Figure 4 Highest occupied orbitals (HOMO) and Lowest unoccupied orbitals (LUMO) of the four best hits.

Molecular Electrostatic Potential (MEP) Surface Result Analysis

MEP are usually employed to predict the electrophilic and nucleophilic sites on a compound for reaction as well as hydrogen bonding interactions.52 This analysis is used to predict the impact sensitivity of CHNO energetic compound and it is commonly carried out on molecular van der Waals (vdW) surface (Figure 5).53

Figure 5 Molecular Electrostatic Potential diagram as calculated at the B3LYP/6-311G(d,p) level (A) Compound 01 (B) Compound 02 (C) Compound 03 (D) Compound 04.

Molecular Dynamics (MD) Simulation Analysis

Root‑mean‑square Deviation (RMSD) Analysis

Analyzing RMSD is crucial for evaluating the structural stability of proteins or protein-ligand complexes over a defined time frame.54 The RMSD analysis was conducted for the compound 01–4QOX and BKI-1294-4QOX complexes over a simulation period of 200 ns, as illustrated in Figure 6.

Figure 6 RMSD analysis of the c-alpha of the protein-ligand complexes during the molecular dynamics simulations for the time scale of 200 ns.

Root‑mean‑square Fluctuation (RMSF)

The Root Mean Square Fluctuation (RMSF) analysis stands as a critical parameter in the identification of both rigid and flexible regions within the protein structure.
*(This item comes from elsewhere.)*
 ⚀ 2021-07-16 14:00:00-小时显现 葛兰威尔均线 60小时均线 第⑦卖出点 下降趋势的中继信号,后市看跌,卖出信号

Serving as a standard measure of particle deviation from its original position, RMSF aids in evaluating the flexibility of the protein’s backbone elements and the ligand.55 In this study, RMSF was conducted for the entire protein structure combined with the ligands (compound 01 and BKI-1294), providing insight into the mean displacement of each atom (Figure 7).
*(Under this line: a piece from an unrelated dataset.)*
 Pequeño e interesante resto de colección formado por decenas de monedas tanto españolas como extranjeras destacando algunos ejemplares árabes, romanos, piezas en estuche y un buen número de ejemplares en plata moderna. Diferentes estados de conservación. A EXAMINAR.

Figure 7 RMSF plot of compound 01–4QOX (black) and BKI-1294-4QX (red) complexes.

Radius of Gyration Analysis

The radius of gyration (Rg) estimates the mass of atoms relative to that of the center of complex’s mass. The observations of Rg suggest the impact of ligand movements within the binding site on the compactness of the protein structure.56 Generally, protein structures that are loosely packed exhibit higher Rg values, whereas tightly packed protein structures have lower Rg values.54 The Rg plots for the protein 4QOX, Compound 01–4QOX complex, and BKI-1294-4QOX complex are depicted in Figure 8.
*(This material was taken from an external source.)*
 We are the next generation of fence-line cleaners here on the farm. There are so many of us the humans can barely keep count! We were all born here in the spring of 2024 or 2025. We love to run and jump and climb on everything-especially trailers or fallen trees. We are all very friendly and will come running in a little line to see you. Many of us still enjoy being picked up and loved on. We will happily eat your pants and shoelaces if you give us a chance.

Figure 8 The radius of gyration (Rg) graph of the protein (4QOX) and complexes with ligands (compound 01 and BKI-1294).

Solvent Accessible Surface Area (SASA) Analysis

The SASA analysis is a crucial parameter for assessing unfolding and characterizing the hydrogen bond network between amino acid residues and surrounding water molecules.54 When a compound binds to a protein, it can induce conformational changes that affect SASA. Typically, the introduction of a ligand leads to an expansion of the protein structure and an increase in SASA, indicating increase in exposure of the protein surface to solvent.57 The SASA plots for the protein 4QOX, Compound 01–4QOX complex, and BKI-1294-4QOX complex are depicted in Figure 9.

Figure 9 Solvent Accessible Surface Analysis (SASA) graph of the protein (4QOX) and complexes with ligands (compound 01 and BKI-1294).

Hydrogen Bond Analysis

The analysis of intermolecular hydrogen bonding is crucial for understanding the binding affinity of protein-ligand complexes.56 A higher number of hydrogen bonds typically indicates stronger binding between the amino acid residues of the protein and the ligand. The total number of hydrogen bonds formed in the Compound 01–4QOX complex and the BKI-1294-4QOX complex is illustrated in Figure 10.

Figure 10 Number of hydrogen bonds observed for the Compound 01–4QOX complex (black) and the BKI-1294 complex (red) throughout the MD simulation of 200 ns.

Binding Free Energy Calculation

To study the molecular binding interactions in protein-ligand complexes, we calculated the binding free energy using the MM-PBSA method.This technique takes into account many interactions, including bonded forces (such as van der Waals force) and non-bonded forces (such as electrostatic forces. The complexes binding free energies were calculated with the Molecular Mechanics Poisson-Boltzmann Surface Area (MMPBSA) method using the final 10 nanoseconds of the trajectory. Based on the binding affinity scores, we used the MMGBSA approach to calculate the free energy binding (∆G_bind) of Compound 01 and BKI-1294 in the protein target (4QOX). When the values of ∆G_bind are lower, it indicates a greater protein-ligand binding affinities. Table 5 and Figure 11 demonstrate the correlation between the molecular docking outcomes and the calculated free binding energies outcomes for the Compound 01 and BKI-1294.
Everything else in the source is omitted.